When Nilsen was taken into custody by arresting officer Peter Jay, he was happy to discuss his murders. In fact, Nilsen was always happy to discuss his murders. Famously with Carlton Television in 1993 but slightly less famously with me about a year later when he kept calling me to chat.

Dennis wanted to talk

You see, back then I was a junior researcher with the BBC and we were doing a programme on serial killers. So, we composed a standard questionnaire that we sent out to some of the most notorious mass murderers in British history. And yes, younger readers, there’s 0% chance this would get through editorial policy today. But it was the early ‘90’s. A different era altogether.
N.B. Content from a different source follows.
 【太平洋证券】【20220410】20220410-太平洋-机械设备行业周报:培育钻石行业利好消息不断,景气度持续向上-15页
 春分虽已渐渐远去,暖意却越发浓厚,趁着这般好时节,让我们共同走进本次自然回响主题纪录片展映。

Anyway, letters went out to, amongst others, Rosemary West, Peter Sutcliffe, the surviving Kray twin, Michael Sams and Ian Brady. And Dennis Nilsen.

Sams complained to the Daily Mail who wrote a full page spread about how disgraceful the BBC were on page 3. Brady sent me two very long, rambling letters. Both were sealed at the back with red candle wax and the initials ‘I’ and ‘B’ engraved within.

But Dennis?

Dennis wanted to talk.

So, he did what you did back then. He picked up the phone and called me.
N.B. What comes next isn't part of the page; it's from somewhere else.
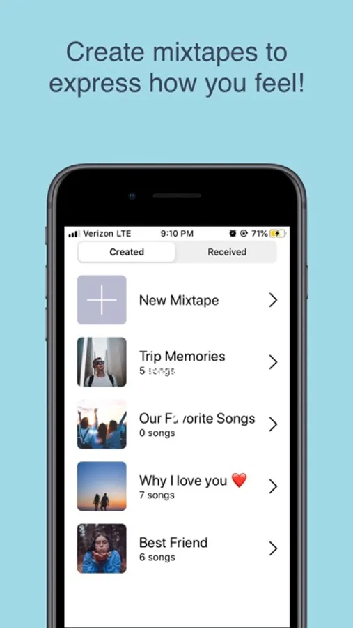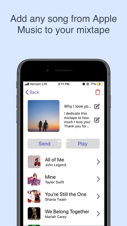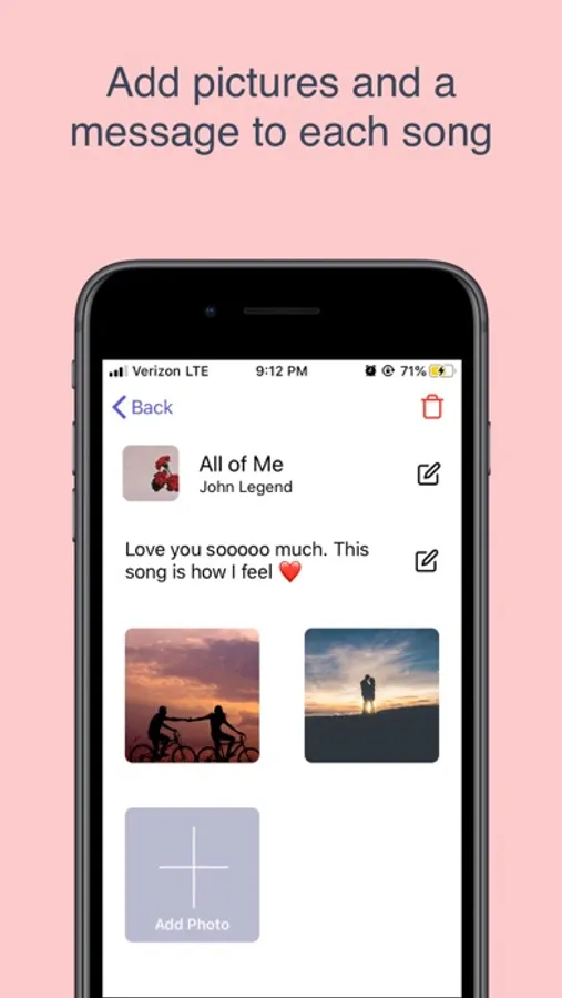 Attach your images to each song to capture a moment and add a message to each song to share why you added it.

At work of all places. And we all know how difficult it is to talk at work.

The first call came through on a number I didn’t recognise. And I picked up. Massive faux pas straight away because everyone knows you never answer an unrecognised number. Now I can’t remember whether Dennis was the first voice I heard or whether someone at the prison put me through to him. But regardless, there he was. And Christ was he a talker?! It’s difficult balancing the fact that you’re a junior researcher in your first job at the biggest broadcaster in the world with trying to get a mass serial killer on speaker phone and alerting your work colleagues at the same time without trying to upset said murderer. The person I was sat next to was the daughter of a very famous politician and I’m not sure she quite understood what was happening. Frankly neither could I. If he’d have phoned me last Friday, she could have live tweeted it, but this was around 1994 and I still had a Commodore 64 (look it up).

Anyway, after a couple of minutes I had to hang up. I couldn’t get a word in edge ways for one. But also, it was quite scary. I was about 20 years old and quite a shy boy. I wasn’t used to serial killers calling me unannounced for a chin wag. It was probably rude of me to put the phone down, especially given his background, but I did. I’m not above admitting it.
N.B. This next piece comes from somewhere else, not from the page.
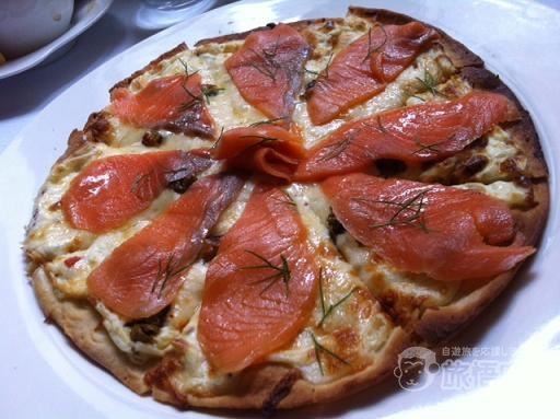 スモークサーモンピザは、クリームチーズベースのソースがスモークサーモンと合います。

It’s Dennis. Dennis Nilsen. Hello?

Then he phoned back.

By this time a few people had gathered round my desk. No-one wanted a piece of it. So, we let it go to answerphone. Then we waited to see if the red button indicating a message would start to flash. Lo and behold.

Truth be told, his first message was rambling and incoherent. We’ve all been there. Selfishly though, it went on a long time. We all listened back, laughed, talked about it at lunch, then again before we went home. Then forgot about it.

But when I came in the next morning, the red answerphone light of destiny flashed again. It couldn’t? Could it?

“Hello……. Simon……it’s……hello……is anyone there, Simon? It’s Dennis. Dennis Nilsen. Hello?”

Another call. Another incoherent message. I don’t think the concept of answer phones was a thing when Dennis was free because I’m certain he wasn’t sure if he was actually talking to me or just…..talking? But he kept asking for me by name as if urging me to reply, so I think maybe he thought I was mute.

Over the next couple of days, he’d call again but eventually, when it became clear I wasn’t in the talking mood, he got bored and he stopped. I’d been weirded out that he rang, but oddly sad he’d stopped phoning. It was the 90’s after all.

I was watching Eurovision when I found out he’d died. One of my closest friends, with whom I’d shared this story many years ago, WhatsApped me to tell me. He signed off the message by saying:

“Dennis didn’t call to say goodbye, then?”

He didn’t.

Although my answerphone light is flashing.